Reconnaître que le texte a une histoire, n’est-ce pas renoncer au fait que cette parole de Dieu s’adresse aussi à nous, lecteurs du XXIe siècle ? «C’est toute la beauté de la chose», pour Sara Schulthess. «Que le texte nous soit parvenu et qu’il nous interpelle aujourd’hui encore de manière forte. Qu’on soit ici et maintenant en train de se poser toutes ces questions.»

Parole de Dieu

Robin Reeve s’inscrit dans la même ligne: «La Bible est à la fois parole des hommes et parole de Dieu. Quand on insiste sur un seul aspect, on manque quelque chose.
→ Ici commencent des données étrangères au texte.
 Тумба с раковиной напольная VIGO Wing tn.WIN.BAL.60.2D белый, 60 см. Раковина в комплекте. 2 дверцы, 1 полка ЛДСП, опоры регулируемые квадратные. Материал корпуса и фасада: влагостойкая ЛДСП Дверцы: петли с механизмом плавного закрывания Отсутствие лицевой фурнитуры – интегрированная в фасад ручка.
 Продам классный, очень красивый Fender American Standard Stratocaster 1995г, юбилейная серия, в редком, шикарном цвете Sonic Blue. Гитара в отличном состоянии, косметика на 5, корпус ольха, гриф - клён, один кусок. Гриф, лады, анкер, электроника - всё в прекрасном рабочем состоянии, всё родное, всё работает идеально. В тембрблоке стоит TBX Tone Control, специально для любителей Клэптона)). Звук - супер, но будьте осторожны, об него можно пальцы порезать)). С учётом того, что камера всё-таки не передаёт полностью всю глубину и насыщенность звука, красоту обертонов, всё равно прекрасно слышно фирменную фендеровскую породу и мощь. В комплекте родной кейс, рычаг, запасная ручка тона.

Si l’on n’y voit qu’une parole où les hommes s’expriment sur ce qu’ils pensent de Dieu, on risque de ne voir dans la Bible qu’un texte enfermé dans son temps. Et si l’on ne voit que l’aspect parole de Dieu, l’on fait abstraction de la complexité des contextes dans lesquels elle a été transmise.» Pasteur de l’Église protestante de Genève et animateur du site jecherchedieu.ch, Marc Pernot se méfie de l’expression «Parole de Dieu»: «La Parole s’est faite chair, elle ne s’est pas faite livre! Le texte de la Bible peut avoir un effet de parole de Dieu, mais il peut aussi être une parole de mort! La Bible peut être utilisée pour pourfendre des individus. Elle a été utilisée pour réduire en esclavage les personnes noires… On le voit d’ailleurs dans le récit des tentations de Jésus dans le désert: le diable se sert de versets bibliques pour appâter Jésus.» Ainsi, pour le théologien «La Bible n’est pas parole de Dieu, elle le devient quand elle est lue et étudiée dans une démarche priante!»
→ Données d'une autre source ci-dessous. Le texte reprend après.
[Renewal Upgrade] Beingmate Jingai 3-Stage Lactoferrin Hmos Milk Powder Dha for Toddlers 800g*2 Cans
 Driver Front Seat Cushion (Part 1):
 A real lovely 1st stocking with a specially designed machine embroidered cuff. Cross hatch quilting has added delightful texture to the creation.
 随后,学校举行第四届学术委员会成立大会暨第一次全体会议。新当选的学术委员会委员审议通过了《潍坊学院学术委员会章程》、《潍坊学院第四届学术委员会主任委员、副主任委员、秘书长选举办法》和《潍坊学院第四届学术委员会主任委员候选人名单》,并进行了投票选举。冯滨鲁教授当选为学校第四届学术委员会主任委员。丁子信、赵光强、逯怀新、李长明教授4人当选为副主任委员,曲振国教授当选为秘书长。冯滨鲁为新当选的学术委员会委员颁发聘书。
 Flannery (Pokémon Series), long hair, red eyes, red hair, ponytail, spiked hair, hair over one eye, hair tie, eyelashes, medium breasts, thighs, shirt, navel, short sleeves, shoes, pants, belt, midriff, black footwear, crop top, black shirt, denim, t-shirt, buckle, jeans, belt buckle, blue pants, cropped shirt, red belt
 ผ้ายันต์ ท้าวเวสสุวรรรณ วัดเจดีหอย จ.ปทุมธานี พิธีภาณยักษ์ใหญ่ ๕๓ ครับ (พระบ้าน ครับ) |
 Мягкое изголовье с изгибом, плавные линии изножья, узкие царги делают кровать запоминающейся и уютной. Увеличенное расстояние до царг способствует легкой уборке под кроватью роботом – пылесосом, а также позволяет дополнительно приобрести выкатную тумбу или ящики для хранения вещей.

Cette nécessité de vivre le texte dans une démarche de prière est d’ailleurs largement répandue dans les protestantismes. «Pour moi, en tant que croyant, ma lecture dévotionnelle se vit en dialogue avec Dieu. Elle part de l’idée que le Saint-Esprit qu’il me donne pour lire est le même Esprit qui a conduit, inspiré et guidé les auteurs bibliques.», explique Robin Reeve.

Multiplicité de sens

Sara Schulthess valorise plutôt une multiplicité des sens donnés au texte: «Le protestantisme a volontairement tourné la page de la tradition d’interprétation selon laquelle une Église seule ou une autorité unique étaient garantes du sens du texte. Au contraire, la Bible est offerte à tout un chacun. Mais cette libération de l’interprétation biblique donne lieu à une pluralité des interprétations.» Pour Marc Pernot, cette multiplicité est même au coeur des Écritures: «La Bible parle beaucoup par récits. Et dans ceux-ci, nous sommes appelés à nous identifier à tous les personnages», explique le pasteur. «Par exemple, dans le Psaume 1, on peut se reconnaître à la fois dans le juste et dans le méchant. On est à la fois l’Hébreu libéré (le meilleur de nous-mêmes) et le soldat de Pharaon éliminé (ce qui nous tire vers le bas, nos faiblesses et nos blessures)», explique-t-il. «Et ce n’est pas seulement moi, protestant du XXIe siècle, qui lit le texte comme ça, c’est aussi la lecture qu’en faisaient Paul ou Pierre dans le Nouveau Testament.» Ainsi, pour le théologien, «la Bible n’est pas un livre de réponses, un code de conduite. C’est plutôt un recueil de questions. Lire la Bible, c’est être interrogé sur sa vie, sa personne. C’est se mettre à l’écoute de Dieu, mais ce n’est pas trouver une réponse toute faite».